Есть ереси поколенияот Ельцина до Вощанова.Я прекращаю прения.Заверещаю.Из поэмы Андрея Вознесенского «Большое заверещание»Так уж случилось, что свои зрелые годы (а у мужчины «зрелые годы» – это такой период жизни, когда для смешливых тургеневских барышень он уже стареющий дядя, а для степенных бальзаковских дам все еще молодой человек) я посвятил российской политике. Все началось со спонтанно возникшего желания что-то круто переменить в собственной жизни. Вопреки советам коллег спрятал в сундук написанную, но еще не защищенную докторскую диссертацию, распрощался с Институтом экономики, где чувствовал себя эдаким мадагаскарским тараканом в домашнем террариуме, от которого хозяевам ни пользы, ни удовольствия, и поступил на работу в «Комсомольскую правду». В ту пору это была самая многотиражная советская газета, подспудно, иной раз сама того не ведая, насаждавшая в стране политическое инакомыслие.
Никогда не забуду свою первую заметку, посвященную тому, что вроде бы знал не понаслышке – интеллектуальному убожеству отечественной экономической науки, которая вместо поиска эффективных путей развития страны занималась обслуживанием правящей партийной верхушки, придавая наукообразие ее абсурдным и бесплодным идеям. Прочитав мое творение, Владимир Сунгоркин, в ту пору редактор Рабочего отдела КП и мой непосредственный начальник, произнес не вдохновляющее, но обнадеживающее «Сойдет» и поручил молодому журналисту Борису Утехину слегка «причесать» текст. Через несколько дней, развернув свежий номер своей газеты, я увидел свою фамилию на второй полосе, и сердце радостно ёкнуло: напечатали! Но каково же было огорчение, когда, начав читать, понял, что Утехин переписал все, как говорится, от «А» и до «Я», и его текст оказался намного лучше моего. Настолько лучше, что и сравнивать нечего.

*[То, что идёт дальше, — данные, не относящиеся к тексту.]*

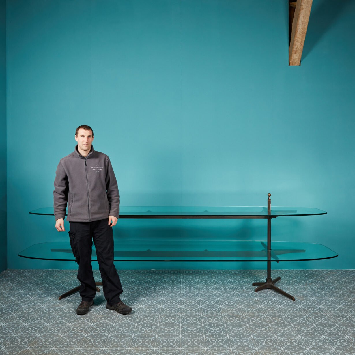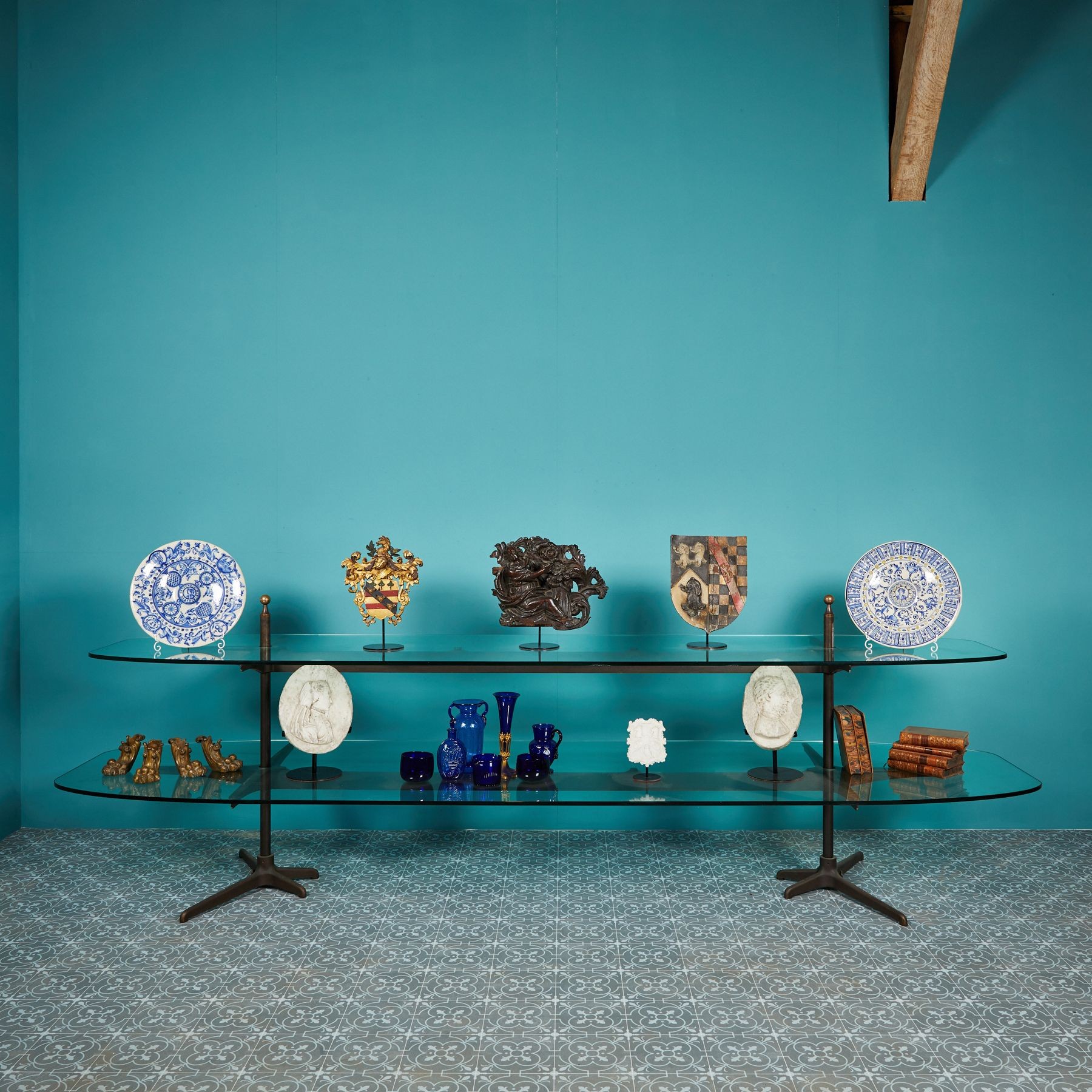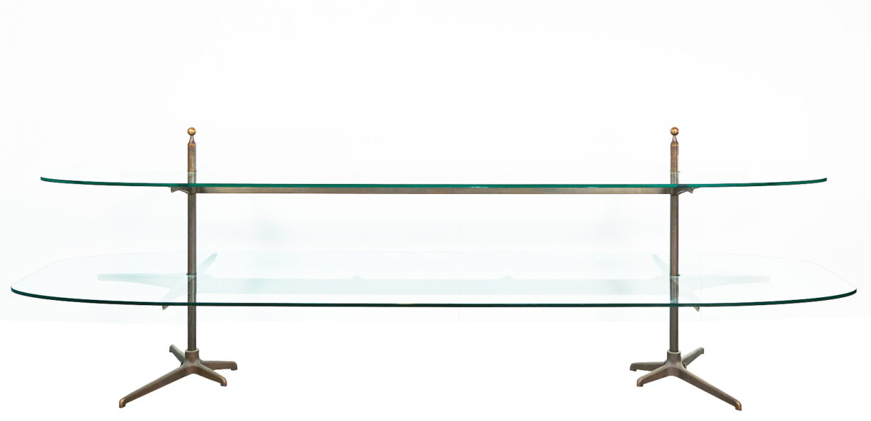 back to topReclaimed Tiered Glass Shop Display Stand. Bronze and Glass tiered shop display stand with what we believe is tempered glass. This is made up of six components. A beautiful bronze frame and two glass shelves in a 1930s-50s style. The stand features attractive ball finials.

Как же мне тогда было стыдно! Хотелось уволиться и навсегда забыть дорогу на улицу Правды. Но как-то сумел себя пересилить, сделал вид, что ничего страшного не случилось, и даже получил гонорар за заметку Бори Утехина, подписанную моим именем, который, правда, в тот же день был пропит с коллегами по Рабочему отделу. Мне очень хотелось остаться в «Комсомолке». Очень! Здесь мне все было по душе. Особенно новые товарищи, молодые, азартные и бесшабашные. Да меня, в общем-то, никто из редакции и не гнал. Все, от Главного до стажеров, понимали, что первый газетный блин еще ни о чем не говорит. Время покажет, на что я способен. Но для себя вывод я все-таки сделал – надо учиться газетному ремеслу. И, наверное, у меня это получилось, потому как спустя полтора года я уже был лауреатом высшей премии Союза журналистов СССР «Золотое перо», а моя почта в «Комсомолке» стала одной из самых многочисленных.
Это были годы, насыщенные переменами и свободомыслием. Какую бы критику сегодня ни наводили на Горбачева, но только при нем и только благодаря нему мы научились говорить и писать то, что думаем. Разумеется, в чем-то ошибались, частенько перегибали палку, но после стольких лет жизни в атмосфере полуправды и тщательно продуманного обмана эти издержки были практически неизбежны.
До прихода в газету я много лет кряду писал отчеты о результатах научной работы, которые фактически не требовали от меня никаких умственных усилий. Заказчик (а им могло быть любое госучреждение, от союзного министерства до планового отдела какого-нибудь строительного треста в северном Нарьян-Маре) заранее формулировал то, к чему должна прийти моя высоконаучная мысль, и это непременно увязывалось с задачами, вытекающими из последних решений Коммунистической партии. Как правило, я садился за работу не ранее, чем за месяц-два до установленного срока сдачи, потому как наверняка знал, что кроме моего институтского руководства этот труд прочитает лишь один человек на Земле – какой-нибудь никому не нужный чиновник какого-нибудь никому не нужного управленческого подразделения. А, может быть, даже и тот не станет попусту утруждаться – подмахнет отчет, ритуально пригрозив, что делает это в последний раз и что больше подобных послаблений не будет. Но на следующий год все повторится. По сути, жизнь тратилась на то, что никому, и в первую очередь мне самому, не было нужно.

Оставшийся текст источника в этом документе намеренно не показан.